===== Exercise data =====
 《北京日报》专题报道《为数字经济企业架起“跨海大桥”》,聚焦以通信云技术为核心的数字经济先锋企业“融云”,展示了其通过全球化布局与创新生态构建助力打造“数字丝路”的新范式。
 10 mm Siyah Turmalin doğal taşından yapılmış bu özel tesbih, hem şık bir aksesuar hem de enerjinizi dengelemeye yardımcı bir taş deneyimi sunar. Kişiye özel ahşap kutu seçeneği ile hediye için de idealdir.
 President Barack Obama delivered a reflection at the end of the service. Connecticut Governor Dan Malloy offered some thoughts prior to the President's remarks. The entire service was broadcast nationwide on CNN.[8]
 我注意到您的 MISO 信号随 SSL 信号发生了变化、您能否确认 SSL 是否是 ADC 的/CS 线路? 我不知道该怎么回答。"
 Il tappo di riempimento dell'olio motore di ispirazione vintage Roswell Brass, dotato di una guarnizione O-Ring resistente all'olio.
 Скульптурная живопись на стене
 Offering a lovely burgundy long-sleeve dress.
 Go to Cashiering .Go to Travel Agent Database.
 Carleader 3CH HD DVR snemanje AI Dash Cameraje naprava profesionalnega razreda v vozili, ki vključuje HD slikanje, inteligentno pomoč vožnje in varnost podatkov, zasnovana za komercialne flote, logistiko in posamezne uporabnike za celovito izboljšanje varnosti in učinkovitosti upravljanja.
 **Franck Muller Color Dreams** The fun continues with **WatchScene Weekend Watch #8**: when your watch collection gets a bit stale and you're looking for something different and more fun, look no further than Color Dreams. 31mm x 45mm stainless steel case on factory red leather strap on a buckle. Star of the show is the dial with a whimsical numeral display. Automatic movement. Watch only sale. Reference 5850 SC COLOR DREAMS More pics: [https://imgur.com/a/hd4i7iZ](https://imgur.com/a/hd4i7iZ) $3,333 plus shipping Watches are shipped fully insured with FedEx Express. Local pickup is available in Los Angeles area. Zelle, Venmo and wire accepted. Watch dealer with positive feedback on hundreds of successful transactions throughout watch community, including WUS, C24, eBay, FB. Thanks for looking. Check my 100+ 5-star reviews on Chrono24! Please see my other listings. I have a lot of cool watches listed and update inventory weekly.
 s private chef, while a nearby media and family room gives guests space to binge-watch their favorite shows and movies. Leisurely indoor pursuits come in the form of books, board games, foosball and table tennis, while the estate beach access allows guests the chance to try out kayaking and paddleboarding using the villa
=====
**Task:** Please reply with an exact copy of the lines above, starting at the first and ending at the line that holds "10 mm Siyah".

**Written answer:**
 《北京日报》专题报道《为数字经济企业架起“跨海大桥”》,聚焦以通信云技术为核心的数字经济先锋企业“融云”,展示了其通过全球化布局与创新生态构建助力打造“数字丝路”的新范式。
 10 mm Siyah Turmalin doğal taşından yapılmış bu özel tesbih, hem şık bir aksesuar hem de enerjinizi dengelemeye yardımcı bir taş deneyimi sunar. Kişiye özel ahşap kutu seçeneği ile hediye için de idealdir.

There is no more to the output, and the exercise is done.